Magnesium, vitamin B2 (riboflavin), and coenzyme Q10 are generally considered safe during breastfeeding when taken in appropriate doses. Magnesium is an essential mineral that supports muscle and nerve function, and moderate supplementation (typically 310-360 mg daily for breastfeeding women) is considered safe 1. Vitamin B2 is a water-soluble vitamin important for energy production, and the recommended daily allowance for lactating women is 1.6 mg, as suggested by the WHO 1. Coenzyme Q10 is naturally produced in the body and appears to have minimal transfer into breast milk, with typical supplemental doses ranging from 100-200 mg daily, as indicated by a recent systematic review and meta-analysis 1. These supplements can help address nutritional needs during lactation, as breastfeeding increases demands for certain nutrients. However, it's essential to use only standard recommended doses, as excessive amounts could potentially affect breast milk composition. Before starting any supplements while breastfeeding, consult with your healthcare provider to ensure they're appropriate for your specific situation and won't interact with any medications you may be taking. Key considerations for lactating women include maintaining a balanced diet, staying hydrated, and being mindful of the potential for nutrient deficiencies, particularly in vegan or vegetarian diets 1. The ESPEN micronutrient guideline also provides valuable insights into the role of coenzyme Q10 in mitochondrial bioenergetics and its antioxidant properties, highlighting its importance for overall health 1. Ultimately, the decision to take supplements during breastfeeding should be made in consultation with a healthcare provider, taking into account individual nutritional needs and health status.

From the Research

Safety of Magnesium, Riboflavin (B2), and Coenzyme Q10 During Lactation

  • There are no direct studies on the safety of magnesium, riboflavin (B2), and coenzyme Q10 during lactation in the provided evidence.
  • However, studies on the supplementation of these nutrients during pregnancy and their general safety profiles can provide some insights:
    • Magnesium supplementation during pregnancy was found to have no significant difference in perinatal mortality, small-for-gestational age, or pre-eclampsia compared to no magnesium supplementation 2.
    • Riboflavin (B2) has been recommended for migraine prevention in adults with minimal adverse events, but its safety in pediatric use and during lactation is not well established 3.
    • Coenzyme Q10 has been found to have low adverse events and Level C evidence for migraine prevention, but its safety during lactation is not directly addressed in the provided studies 3, 4.
  • It is essential to note that the safety of these nutrients during lactation may depend on various factors, including the dosage and individual circumstances.
  • Further research is needed to determine the safety and efficacy of multiple-micronutrient supplementation, including magnesium, riboflavin (B2), and coenzyme Q10, during lactation 5.

References

Guideline

Guideline Directed Topic Overview

Dr.Oracle Medical Advisory Board & Editors, 2025

Research

Magnesium supplementation in pregnancy.

The Cochrane database of systematic reviews, 2014

Research

Coenzyme Q10 supplementation: Efficacy, safety, and formulation challenges.
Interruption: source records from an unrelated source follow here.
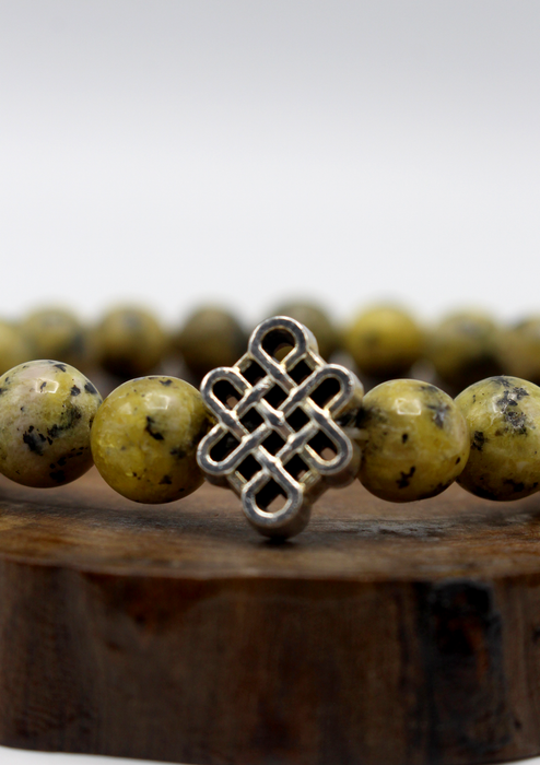 This beautiful  Malachite Tibetan Beads Stretchable Yoga bracelet with Endless Knot as a spacer, sewn into a highly durable elastic thread. These are beautifully handcrafted Beaded adjustable bracelets.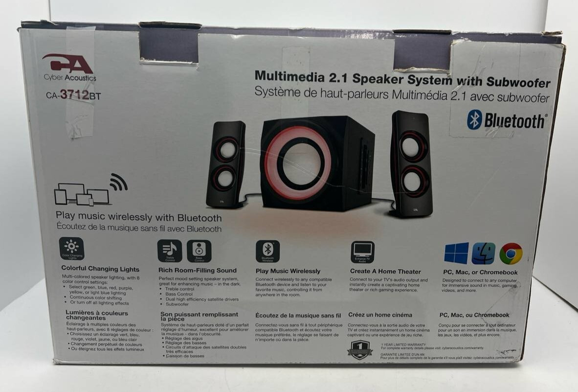 Cyber Acoustics Peak Power Bluetooth Speakers Subwoofer LED Lights 32W CA-3712BT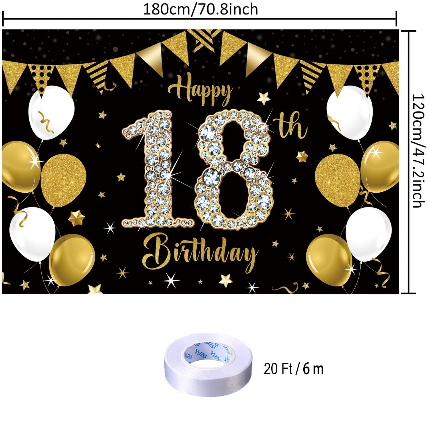 【大型サイズ】横180cm×縦120cmの大きめサイズで、おしゃれなブラックゴールドデザインでアピール度抜群だから、子供、家族、友人の誕生日パーティーで活躍してくれます。

Comprehensive reviews in food science and food safety, 2020

Professional Medical Disclaimer

This information is intended for healthcare professionals. Any medical decision-making should rely on clinical judgment and independently verified information. The content provided herein does not replace professional discretion and should be considered supplementary to established clinical guidelines. Healthcare providers should verify all information against primary literature and current practice standards before application in patient care. Dr.Oracle assumes no liability for clinical decisions based on this content.